• **Prompt**: From the data below, retype exactly the lines starting with the one that contains "Green Tie &" and ending with the one that contains "Men Blue Solid", both included.

[Records drawn from a dataset]
<<<<
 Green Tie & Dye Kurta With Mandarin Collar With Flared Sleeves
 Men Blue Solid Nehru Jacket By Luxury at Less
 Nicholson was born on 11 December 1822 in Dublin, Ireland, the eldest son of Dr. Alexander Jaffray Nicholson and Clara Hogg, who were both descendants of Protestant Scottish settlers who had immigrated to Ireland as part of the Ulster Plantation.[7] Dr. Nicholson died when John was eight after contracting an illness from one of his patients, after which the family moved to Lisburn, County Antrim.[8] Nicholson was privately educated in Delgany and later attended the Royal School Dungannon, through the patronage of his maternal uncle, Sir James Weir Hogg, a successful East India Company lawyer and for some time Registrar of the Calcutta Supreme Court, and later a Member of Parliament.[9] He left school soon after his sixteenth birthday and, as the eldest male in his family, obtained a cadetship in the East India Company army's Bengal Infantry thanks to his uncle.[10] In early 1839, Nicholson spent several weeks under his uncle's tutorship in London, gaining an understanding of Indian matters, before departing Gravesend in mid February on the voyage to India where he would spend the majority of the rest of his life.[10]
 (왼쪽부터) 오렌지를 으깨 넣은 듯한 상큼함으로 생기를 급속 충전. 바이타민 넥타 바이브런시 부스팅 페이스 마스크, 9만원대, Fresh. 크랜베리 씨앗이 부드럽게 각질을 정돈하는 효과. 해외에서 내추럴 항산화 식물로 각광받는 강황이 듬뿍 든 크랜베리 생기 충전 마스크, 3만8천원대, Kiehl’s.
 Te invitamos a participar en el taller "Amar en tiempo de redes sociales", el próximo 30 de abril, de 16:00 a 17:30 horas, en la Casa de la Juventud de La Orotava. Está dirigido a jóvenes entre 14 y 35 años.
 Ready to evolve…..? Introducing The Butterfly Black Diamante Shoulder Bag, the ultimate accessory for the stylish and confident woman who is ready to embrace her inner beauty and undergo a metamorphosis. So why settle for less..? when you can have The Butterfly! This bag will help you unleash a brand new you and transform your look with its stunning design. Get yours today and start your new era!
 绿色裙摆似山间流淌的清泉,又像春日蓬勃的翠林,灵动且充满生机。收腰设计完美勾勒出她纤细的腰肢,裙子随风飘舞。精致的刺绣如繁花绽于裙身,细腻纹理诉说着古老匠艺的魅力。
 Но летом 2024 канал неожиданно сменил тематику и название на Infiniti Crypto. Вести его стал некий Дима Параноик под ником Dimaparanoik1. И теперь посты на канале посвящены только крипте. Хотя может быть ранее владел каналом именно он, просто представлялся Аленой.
>>>>
<<<<
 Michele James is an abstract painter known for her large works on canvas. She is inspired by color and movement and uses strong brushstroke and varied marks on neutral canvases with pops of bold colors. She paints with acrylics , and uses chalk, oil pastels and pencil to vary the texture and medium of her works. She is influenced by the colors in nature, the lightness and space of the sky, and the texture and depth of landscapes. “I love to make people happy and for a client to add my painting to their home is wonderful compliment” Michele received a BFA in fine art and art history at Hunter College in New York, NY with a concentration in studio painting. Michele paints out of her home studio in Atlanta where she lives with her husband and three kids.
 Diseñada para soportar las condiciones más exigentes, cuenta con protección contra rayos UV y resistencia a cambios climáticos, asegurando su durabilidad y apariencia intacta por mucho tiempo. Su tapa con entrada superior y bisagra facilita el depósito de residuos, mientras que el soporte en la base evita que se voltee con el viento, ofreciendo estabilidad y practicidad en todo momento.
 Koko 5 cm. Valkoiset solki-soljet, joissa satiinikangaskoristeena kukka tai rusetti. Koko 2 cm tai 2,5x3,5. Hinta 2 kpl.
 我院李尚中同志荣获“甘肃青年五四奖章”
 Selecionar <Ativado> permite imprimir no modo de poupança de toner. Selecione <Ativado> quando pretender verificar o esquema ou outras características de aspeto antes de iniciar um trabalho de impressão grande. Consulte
>>>>
<<<<
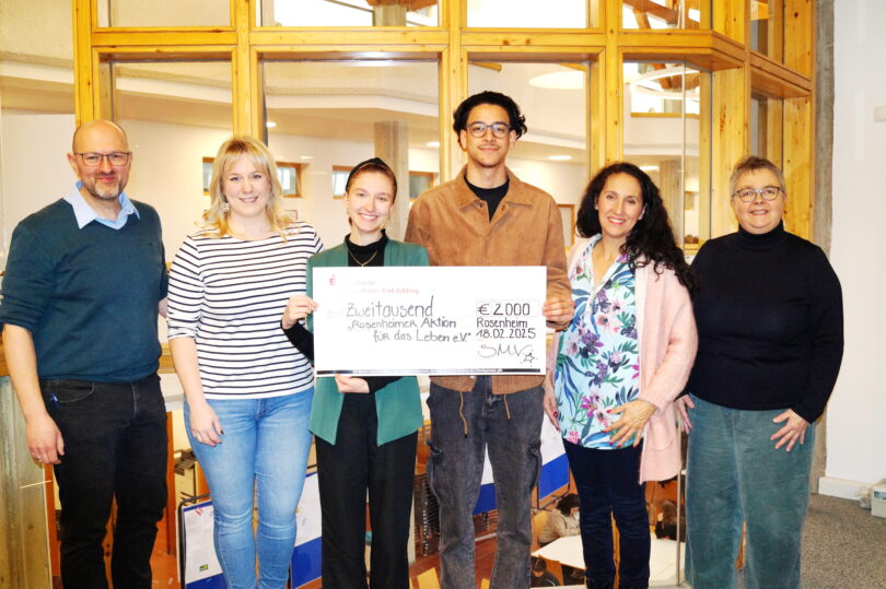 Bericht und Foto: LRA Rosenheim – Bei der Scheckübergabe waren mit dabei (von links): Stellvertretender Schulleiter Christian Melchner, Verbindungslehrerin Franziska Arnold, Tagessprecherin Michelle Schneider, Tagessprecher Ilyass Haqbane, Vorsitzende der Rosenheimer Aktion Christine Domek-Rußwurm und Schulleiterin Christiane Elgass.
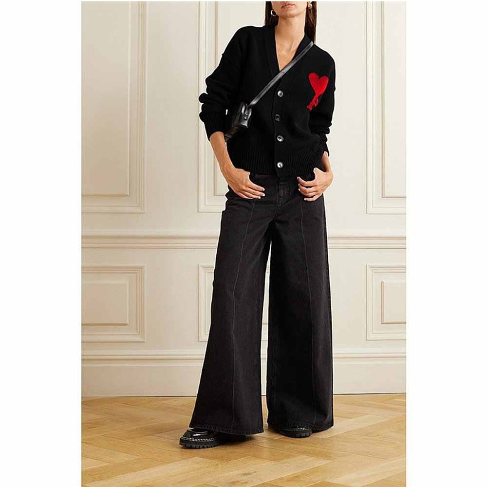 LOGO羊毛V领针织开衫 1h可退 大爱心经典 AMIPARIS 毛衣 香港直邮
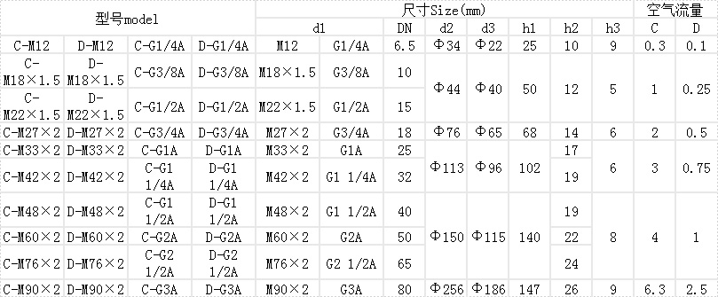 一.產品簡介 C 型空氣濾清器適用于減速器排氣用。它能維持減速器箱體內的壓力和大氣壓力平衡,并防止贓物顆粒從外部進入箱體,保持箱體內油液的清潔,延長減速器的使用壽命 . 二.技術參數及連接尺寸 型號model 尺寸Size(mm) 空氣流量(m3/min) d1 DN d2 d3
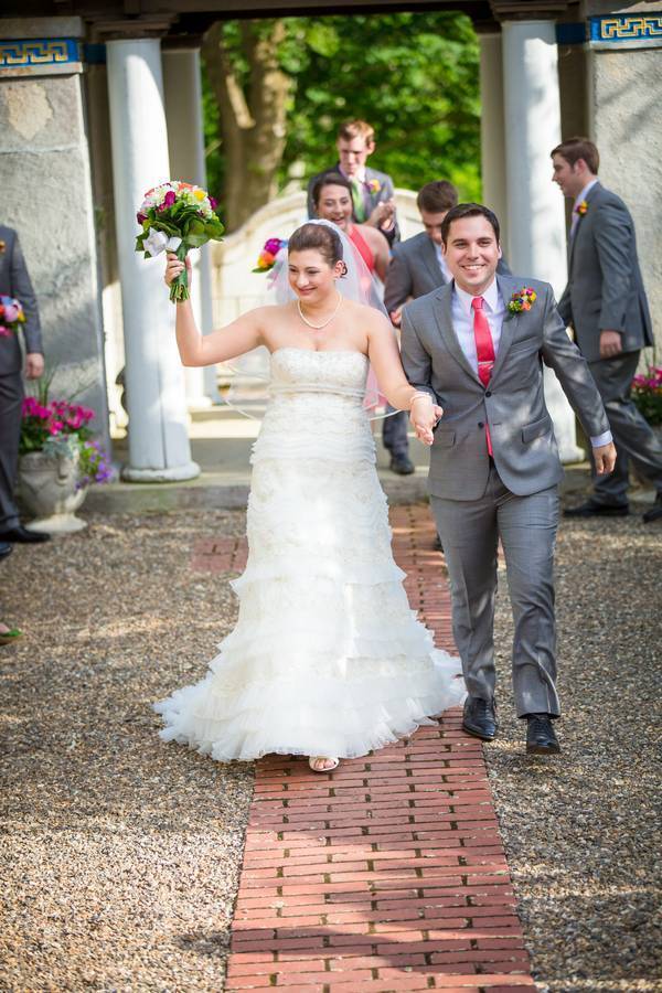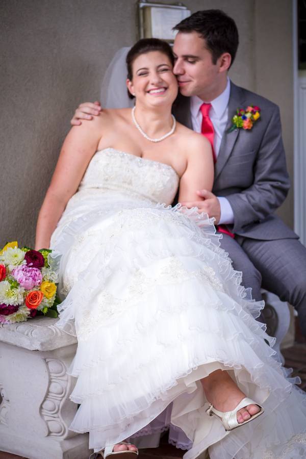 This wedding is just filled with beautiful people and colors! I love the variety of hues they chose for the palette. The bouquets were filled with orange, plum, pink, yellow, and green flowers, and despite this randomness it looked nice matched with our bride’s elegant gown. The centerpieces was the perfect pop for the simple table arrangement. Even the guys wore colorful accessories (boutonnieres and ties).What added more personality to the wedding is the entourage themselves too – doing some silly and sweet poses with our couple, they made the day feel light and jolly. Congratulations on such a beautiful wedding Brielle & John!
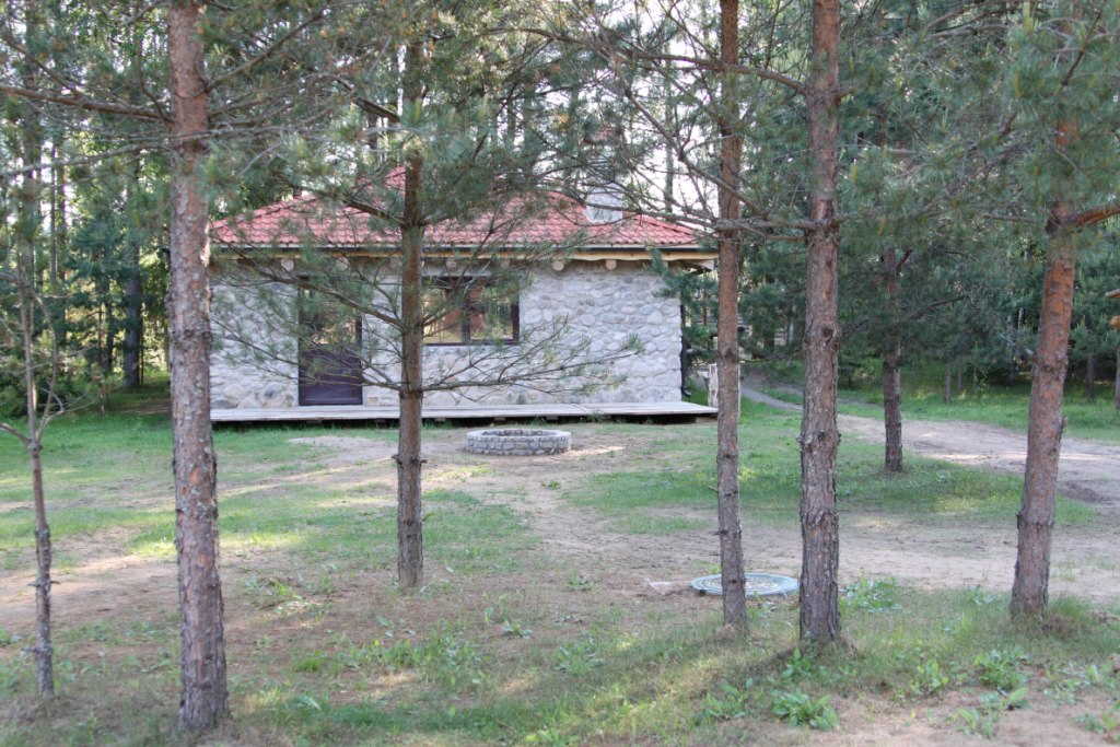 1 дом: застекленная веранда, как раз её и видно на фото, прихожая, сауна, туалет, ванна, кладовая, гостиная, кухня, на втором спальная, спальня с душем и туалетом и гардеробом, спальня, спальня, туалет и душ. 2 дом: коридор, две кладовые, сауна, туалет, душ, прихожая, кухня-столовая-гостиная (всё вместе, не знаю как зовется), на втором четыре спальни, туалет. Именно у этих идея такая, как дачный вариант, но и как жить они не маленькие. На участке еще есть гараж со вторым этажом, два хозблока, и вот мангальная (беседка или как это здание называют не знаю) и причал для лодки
>>>>
• **Response**:
 Green Tie & Dye Kurta With Mandarin Collar With Flared Sleeves
 Men Blue Solid Nehru Jacket By Luxury at Less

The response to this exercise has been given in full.